The Metaphysics of Morals is likely far different from what Kant originally envisaged. Letters indicate that Kant had planned a work roughly like The Metaphysics of Morals from at least as far back as the mid-1760s (see 10:56); such aspirations were expressed periodically until The Metaphysics of Morals finally emerged. Kant's moral thought had changed significantly by the late 1790s. During the mid-1760s, it was heavily influenced by British moral sense theorists and, increasingly, Rousseau. Kant had yet to develop transcendental idealism, with its profound implications for freedom and morality.
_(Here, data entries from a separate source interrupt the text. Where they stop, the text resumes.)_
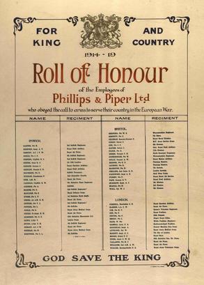 FOR KING AND COUNTRY/1914-19/Roll of Honour/of the Employees of/Phillips & Piper Ltd./who obeyed the call to arms to serve their country in the European War/(Names)/GOD SAVE THE KING//
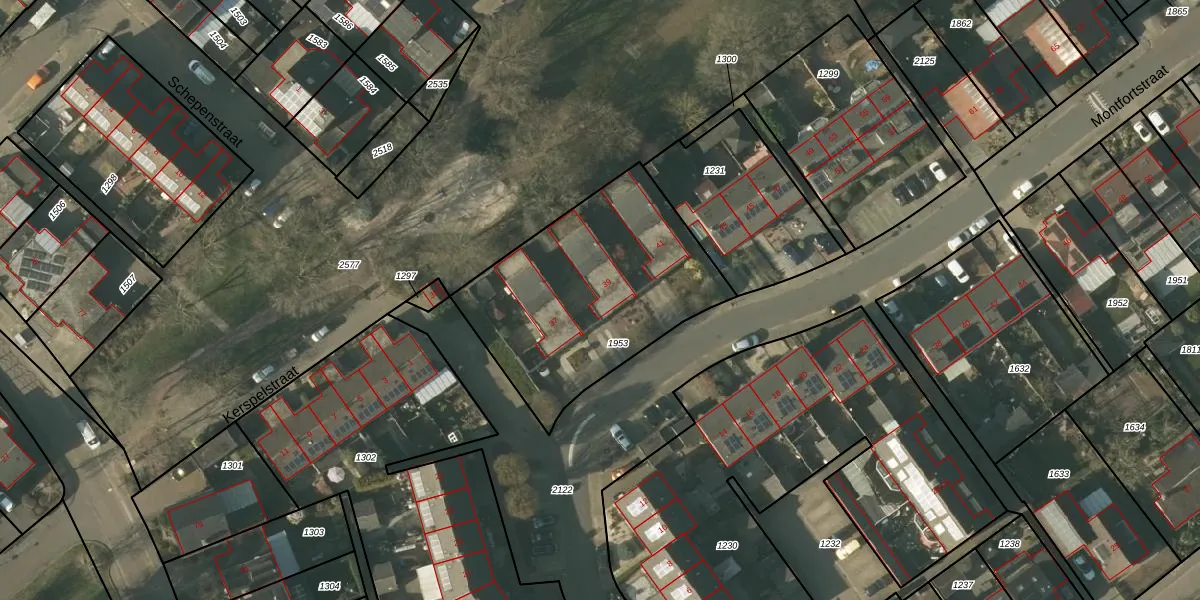 Het perceel waarop Montfortstraat 39 staat heeft een oppervlakte van 1030 m². Dit is een zeer groot perceel. De perceeloppervlakte wordt geregistreerd door het Kadaster. Gedetailleerde informatie over de maten van dit perceel kunt u vinden in het rapport Kadastrale kaart met maatvoering van Montfortstraat 39.
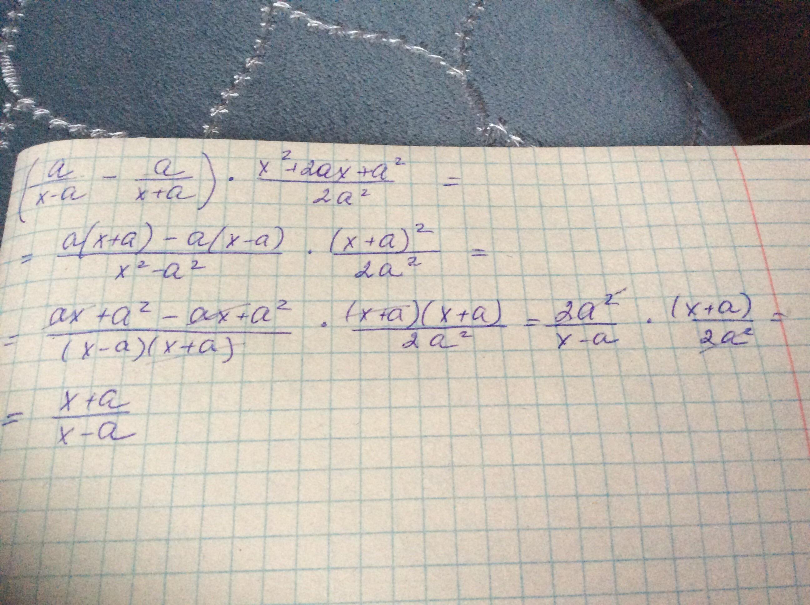 = ((х + а)*а - (х - а)*а)/(х - а)(х + а) =
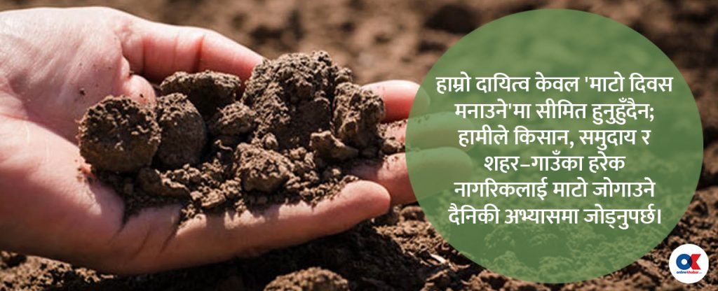 न त गाउँ न शहर, खेतीपातीतिर फर्केर हेर्दा एउटै निष्कर्ष उही निस्कन्छ- स्वस्थ माटोले स्वस्थ खाना उत्पादन गर्छ र स्वस्थ खाना नै स्वस्थ समाजको आधार हो। हामी बिरामी हुँदा डाक्टरले उपचार गर्छन्, तर हामीलाई बिरामी नै कम पार्ने काम किसानले गर्छन् – यदि उनीहरूसँग माटोमैत्री, दिगो खेती अपनाउन चाहिने प्राविधिक र आर्थिक सहयोग उपलब्ध छ भने मात्रै। त्यसैले हाम्रो दायित्व केवल ‘माटो दिवस मनाउने‘मा सीमित हुनुहुँदैन; हामीले किसान, समुदाय र शहर–गाउँका हरेक नागरिकलाई माटो जोगाउने दैनिकी अभ्यासमा जोड्नुपर्छ।

Yet The Metaphysics of Morals differs also from what Kant's Critique of Pure Reason (1781, 1787) and Groundwork of the Metaphysics of Morals (1785) might lead us to expect. The first Critique and the Groundwork describe a metaphysics of morals as a system of pure moral philosophy, containing a priori concepts and principles. For concepts and principles to be a priori as opposed to a posteriori is for them to be inherent in reason and revealed through its operation rather than derived from experience or observation. For a moral philosophy to be pure, it must be based only on a priori principles (see 4:388), “completely cleansed of everything that may be only empirical and that belongs to anthropology” (4:389).

The first Critique says, “the metaphysics of morals is really the pure morality, which is not grounded on any anthropology (no empirical condition)” (A 841/B 869). That a metaphysics of morals is a species of “pure philosophy” – and as such the principal part of moral philosophy – is explicit in the Groundwork too, where Kant explains that only a pure philosophy can reveal “the moral law in its purity and genuineness” (4:390; cf. 410f.). Kant also says there, “a metaphysics of morals has to examine the idea and the principles of a possible pure will and not the actions and conditions of human volition generally, which for the most part are drawn from psychology” (4:390f.).